A delayed P-ERG occurs only in macular diseases; absent or markedly depressed P-ERGs are present in either maculopathies or severe optic nerve diseases associated with axonal involvement and retrograde ganglion cell degeneration. It should be emphasized that in macular lesions flash ERGs are normal (Fig. 46.10). Thus, P-ERGs are useful in the assessment of macular function and retinal ganglion cell function (109,123). Holder (109) suggests that the P-ERG P50 (or b wave) can be used as an index of macular function. Reduction in P-ERG N95 with preservation of P50 may indicate dysfunction at the level of the retinal ganglion cells (109).

These data support the principle of selective activation: different structures of the retina can be preferentially, if not exclusively, activated by varying the type of stimulation (13). Flashes selectively activate retinal luminance and color detectors, whereas small pattern stimuli preferentially activate contrast and edge detectors.

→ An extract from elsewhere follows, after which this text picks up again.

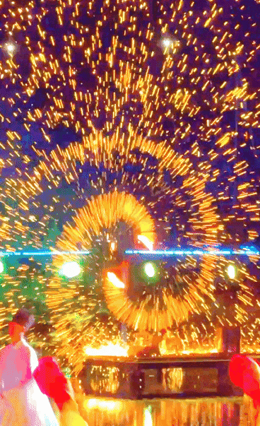 星飞电散,火树银花开。达人村大戏里的非遗打铁花让每一个人都震撼!

The optic nerve and chiasma are arbitrarily included in the definition of anterior visual pathways for the purpose of this review. The optic nerve from the eye to the chiasm is about 50 mm long and comprises nerve fibers originating in the ganglion cells. Nerve fibers from ganglion cells in the macula constitute the papillomacular bundle that occupies the entire temporal side of the optic disk. This bundle of fibers then moves toward the center of the optic disk as it approaches the chiasma. Fibers from peripheral ganglion cells occupy less central positions in the optic disk and optic nerve (124,125). The optic nerve fibers are small myelinated fibers; 92% of the axons are 2 µm or less in diameter, 6% have a diameter around 4 µm, and only 2% have a large axon (>4 µm) (126). Calculated conduction velocities range from 1.3 to 20 msec (127,128).

The human retina projects to both ipsi- and contralateral sides of the cortex. Fibers from the nasal retina cross in the chiasma; crossed and uncrossed fibers begin to separate at the termination of the optic nerve. Macular fibers also are subdivided into crossed and uncrossed fibers; the macular fibers from the nasal portion of the macula cross in the chiasma into the contralateral optic tract, whereas the macular temporal fibers travel into the ipsilateral optic tract.

The functional integrity of the visual pathways, once they enter the optic nerve, can be assessed using VEPs recorded from the occipital scalp region. It is presumed that these potentials are near-field potentials from the visual cortices (129,130). It is therefore important to review briefly the physiology of the central visual system. Visual neurons respond selectively to progressively more complex visual patterns, at ascending levels in the cortical hierarchy (131, 132, 133 and 134). Individual neurons can be selectively sensitive to movement orientation and direction and the width, length, velocity, and contrast of stimuli. Each neuron must be considered a multichannel coding device responding to specific information presented in the stimulus (13,135). There is anatomical and electrophysiologic evidence that the primate visual cortex is subdivided into distinct anatomical regions that process different types of visual information, and has a separate connection to the prestriate cortex (135, 136, 137, 138 and 139). The techniques of [¹⁴C]deoxyglucose autoradiography and cytochrome oxidase staining have demonstrated the existence of blobs, stripes, and columns representing complex units of cortical organization in the visual system (135, 136, 137 and 138).

Although there is still debate about whether cortical cells are feature detectors or spatial frequency filters (132,133,139, 140 and 141), it is generally agreed that the visual system is a multichannel device that processes information via parallel channels (142, 143 and 144) and that each channel constitutes a set of sequential processes (13).